Let me start off by saying this isn’t an article criticising teachers. I know a few teachers, and every one of them works incredibly hard! It’s also not a criticism of school’s or exams particularly. School is important. At Hoshi our students and their parents are told our rules when they join. One of these rules is if a child is not well enough to (or chooses not to) go to school, then they are not well enough to come to class.
Like a lot of people I use Facebook. My timeline over the last week or two has been filled with posts about the SAT’s that the Year 6 children are currently sitting. These are exams that give an idea of how a child is progressing in English, Maths and Science, and in an ideal world should be used to identify those children that are struggling and need a little extra help. (I say in an ideal world because the pessimist in me feels this isn’t what they’re used for at all. But that’s a conversation for another time).
I don’t particularly object to the exams. What I do object to is the pressure that 10 and 11 year old children are put under with these exams. I’ll just say that word again. In Bold. Children! I know of one child who was told if they do badly in these exams it will affect them for the rest of their life! I know of children (there’s that word again) who have had sleepless nights worrying about these exams. That is wrong, plain and simple. There will be plenty of time for worrying about exams. GCSE’s are important. A-Level’s are important. University Finals are important. These are all potentially life changing exams. Exams sat in the last year of Primary school are not life changing!
I have several students this age. Most of them I’ve known for 2 or 3 years. I’ve watched them grow and develop as individuals. I’ve seen every one of them cry when they’ve struggled and got frustrated learning a technique they couldn’t immediately do. I’ve seen them smile, laugh and sometimes cry with happiness when they’ve conquered something they’ve struggled with. I’ve seen the nerves, fear and self doubt before a grading, all washed away as they step on the mats to achieve their grades.
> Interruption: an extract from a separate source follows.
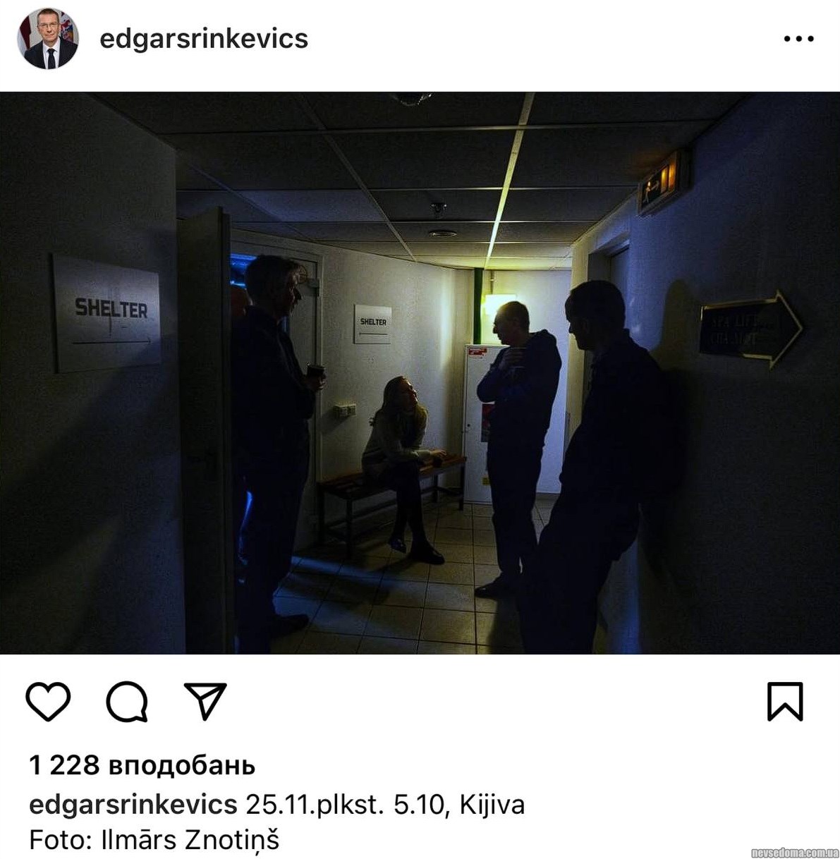 Едгарс Рінкевичс, який перебуває з візитом у столиці, виклав фото з укриття, яке підписав «25 листопада, 05:10 ранку, Київ».

I’ve seen them scared and nervous when they first join the class, and watched them grow into confident children who can stand in front of the class and take a warm-up, who can teach and help lower grades. Children who care enough to help their friends, their fellow students, who may be struggling. None of these things can be measured by a paper exam.
I’m not a teacher. I see these kids for only a few hours a week. But I am proud of every single one of them. I’m proud of how far they’ve come. How much they conquer their own fears every single day. Maths, English and Science are all important. But this is only a tiny part of who they are. Exams cannot and should not be used to define who a person is or label them! Every single child that walks through my door is a person in their own right. A person who cannot be measured and stuck in a box by a few questions on a piece of paper.